DATASET ENTRIES Start Marker
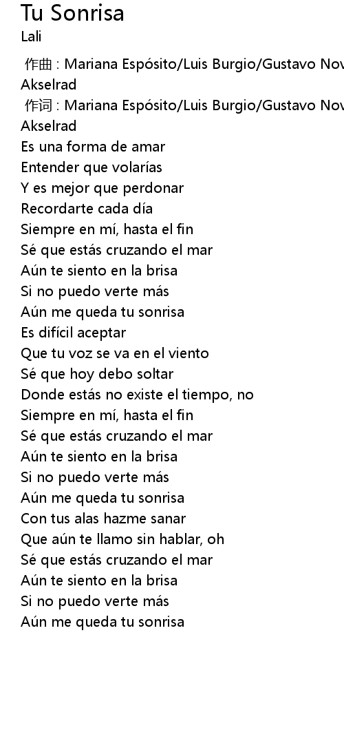 | [00:00.000] | zuo qu : Mariana Espo sito Luis Burgio Gustavo Novello Pablo Akselrad |
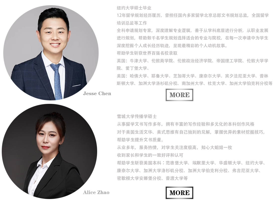 超行业一线水准, 全总监级别的咨询申请经验, 师资团队均毕业于世界百强名校。
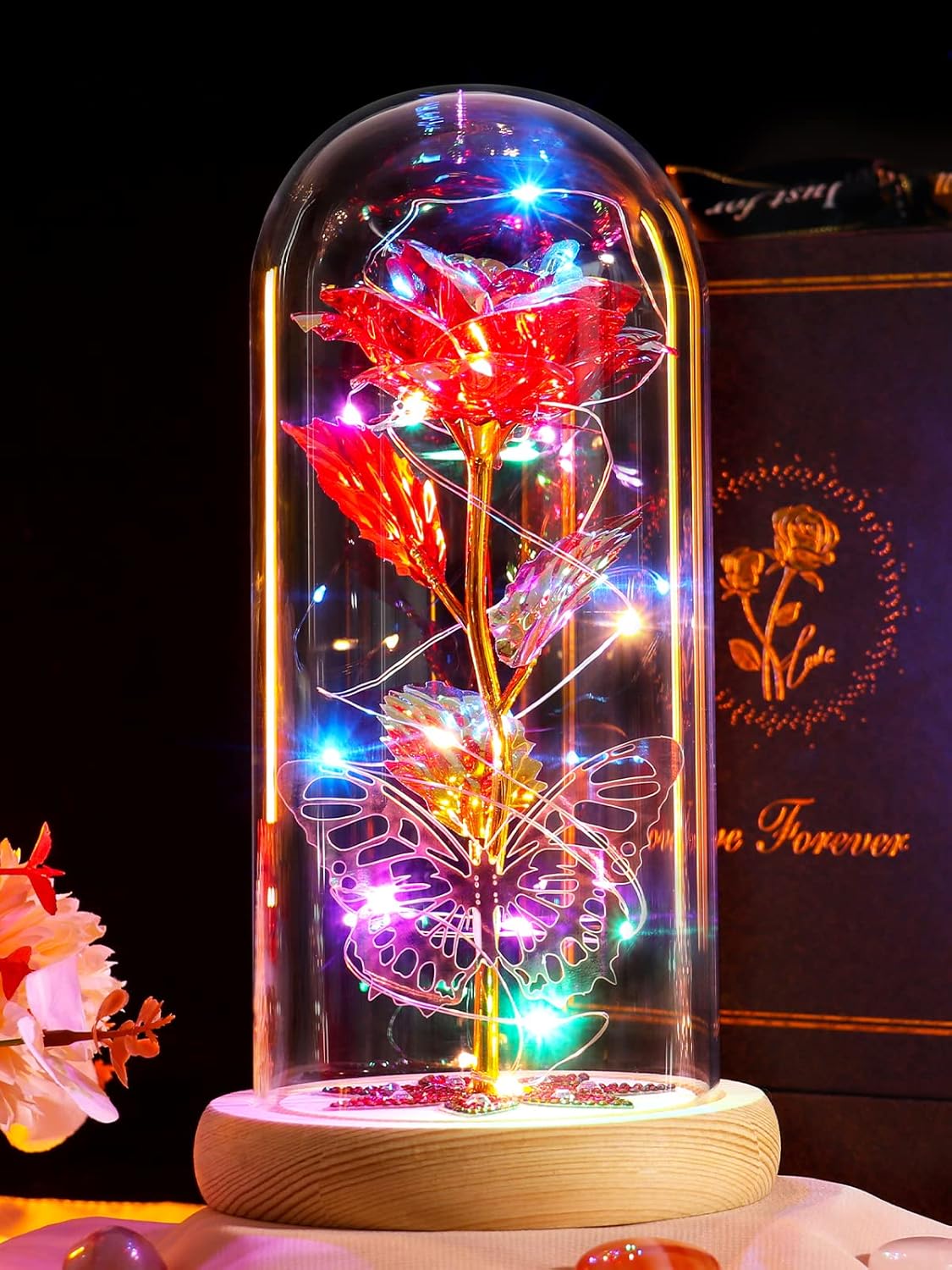 | Included Components | Black luxury gift box ,Crystal butterfly rose ,Glass dome,Diamond wood base,Colorful LED light string |
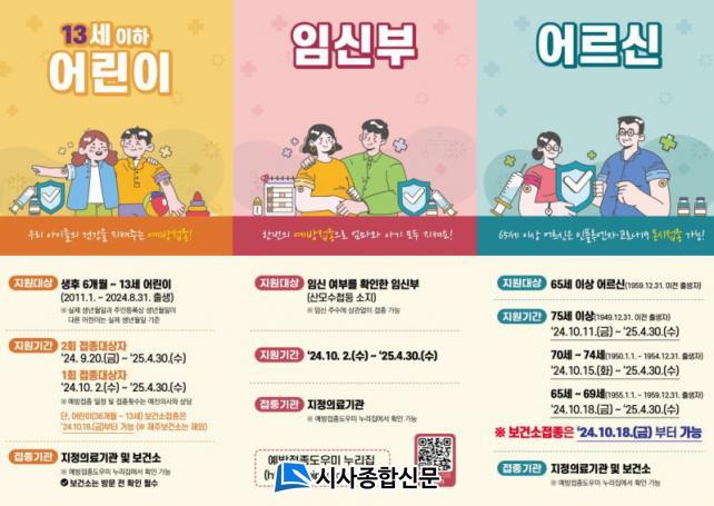 ÀÎÇ÷翣ÀÚ ¹«·á Á¢Á¾ ´ë»óÀº »ýÈÄ 6°³¿ù~13¼¼(¡¯11.1.1.~¡®24.8.31. Ãâ»ýÀÚ) ¾î¸°ÀÌ, ÀӽźÎ, 65¼¼ ÀÌ»ó ¾î¸£½ÅÀ̸ç, Á¦ÁÖµµ ÀÚü Áö¿øÀ¸·Î 60~64¼¼, °¨¿°Ãë¾à½Ã¼³ ÀÔ¿ø․ÀÔ¼ÒÀÚ, ±âÃÊ»ýȰ¼ö±ÞÀÚ, ±¹°¡À¯°øÀÚ, ÂüÀü¿ë»ç, °í¿±Á¦ ÈÄÀ¯Áõ ÀÇ»çȯÀÚ, 4․3 Èñ»ýÀÚ ¹× À¯Á·ÀÚ, Àå¾ÖÀÎ µî ¾à 2¸¸ 1,800¸íµµ Æ÷ÇԵȴÙ.
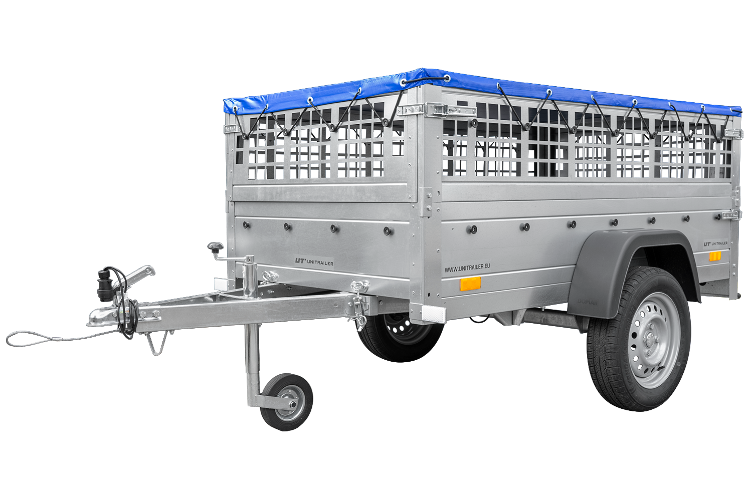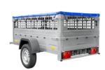 Großer Kippanhänger mit blauer Ladefläche, Gitterwänden und Stützrad, Modell Garden Trailer 200 KIPP. Dank seiner großzügigen Ladefläche von 200 x 106 cm ermöglicht dieser Anhänger den Transport schwerer Lasten oder sperriger Gegenstände, die normalerweise nicht in Ihr Auto passen . Das zulässige Gesamtgewicht (GZG) von 750 kg erlaubt es jedem Fahrer, den Anhänger sicher an der Anhängerkupplung zu befestigen. Die hohe Plane mit Bügeln und Seitenverlängerungen bietet zusätzlichen Schutz für Ihre Ladung. Durch die Verwendung einer modernen AL-KO- oder KNOTT-Lenkachse garantieren wir, dass auch bei leerer Ladefläche kein Schlagloch Probleme bereitet. Mit unserem großen Kippanhänger, Modell Garden Trailer 200 KIPP, transportieren Sie Ihre Güter stets komfortabel und sicher .
DATASET ENTRIES End Marker
= WORK ITEM =
Out of the records above, set down only the lines from the one that contains "超行业一线水准, 全总监级别的咨询申请经验, 师资团队均毕业于世界百强名校。" through the one that contains "light string |", unchanged and without the pictures.

= RESULT OF THE TASK =
 超行业一线水准, 全总监级别的咨询申请经验, 师资团队均毕业于世界百强名校。
 | Included Components | Black luxury gift box ,Crystal butterfly rose ,Glass dome,Diamond wood base,Colorful LED light string |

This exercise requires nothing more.